I agree with Arne, the data processor shouldn't know about encryption, it just needs to read the decrypted body of the message, and write out the results, and stream filters should take care of encryption. However, since this is logically operating on the same piece of information (a Message), I think they should be packaged inside one class which handles the message format, although the encryption/decryption streams are indeed independent from this.

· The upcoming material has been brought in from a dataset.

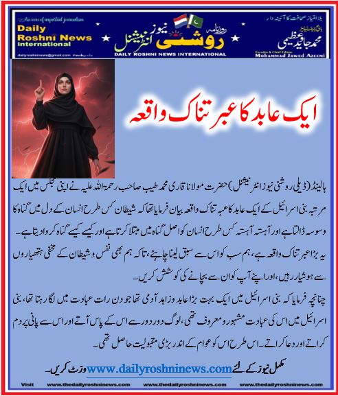 ہالینڈ(ڈیلی روشنی نیوز انٹرنیشنل )حضرت مولانا قاری محمد طیب صاحب رحمۃ اللہ علیہ نے اپنی مجلس میں ایک مرتبہ بنی اسرائیل کے ایک عابد کا عبہ تناک واقعہ بیان فرمایا تھا کہ شیطان کس طرح انسان کے دل میں گناہ کا وسوسہ ڈالتا ہے اور آہستہ آہستہ کس طرح انسان کو اصل گناہ میں مبتلا کرتا ہے اور کیسے کیسے گناہ کروا دیتا ہے۔

Here's my idea for the structure, flipping the architecture around somewhat, and moving the Message class outside the encryption streams:
class Message {
InputStream input;
Envelope envelope;
public Message(InputStream input) {
assert input != null;
this.input = input;
}
public Message(Envelope envelope) {
assert envelope != null;
this.envelope = envelope;
}
public Envelope getEnvelope() {
if (envelope == null && input != null) {
// Read envelope from beginning of stream
envelope = new Envelope(input);
}
return envelope
}
public InputStream read() {
assert input != null
// Initialise the decryption stream
return new DecryptingStream(input, getEnvelope().getEncryptionParameters());
}
public OutputStream write(OutputStream output) {
// Write envelope header to output stream
getEnvelope().write(output);
// Initialise the encryption
return new EncryptingStream(output, getEnvelope().getEncryptionParameters());
}
}
Now you can use it by creating a new message for the input, and one for the output:
OutputStream output; // This is the stream for sending the message
Message inputMessage = new Message(input);
Message outputMessage = new Message(inputMessage.getEnvelope());
process(inputMessage.read(), outputMessage.write(output));
Now the process method just needs to read chunks of data as required from the input, and write results to the output:
public void process(InputStream input, OutputStream output) {
byte[] buffer = new byte[1024];
int read;
while ((read = input.read(buffer) > 0) {
// Process buffer, writing to output as you go.
}
}
This all now works in lockstep, and you don't need any extra threads. You can also abort early without having to process the whole message (if the output stream is closed for example).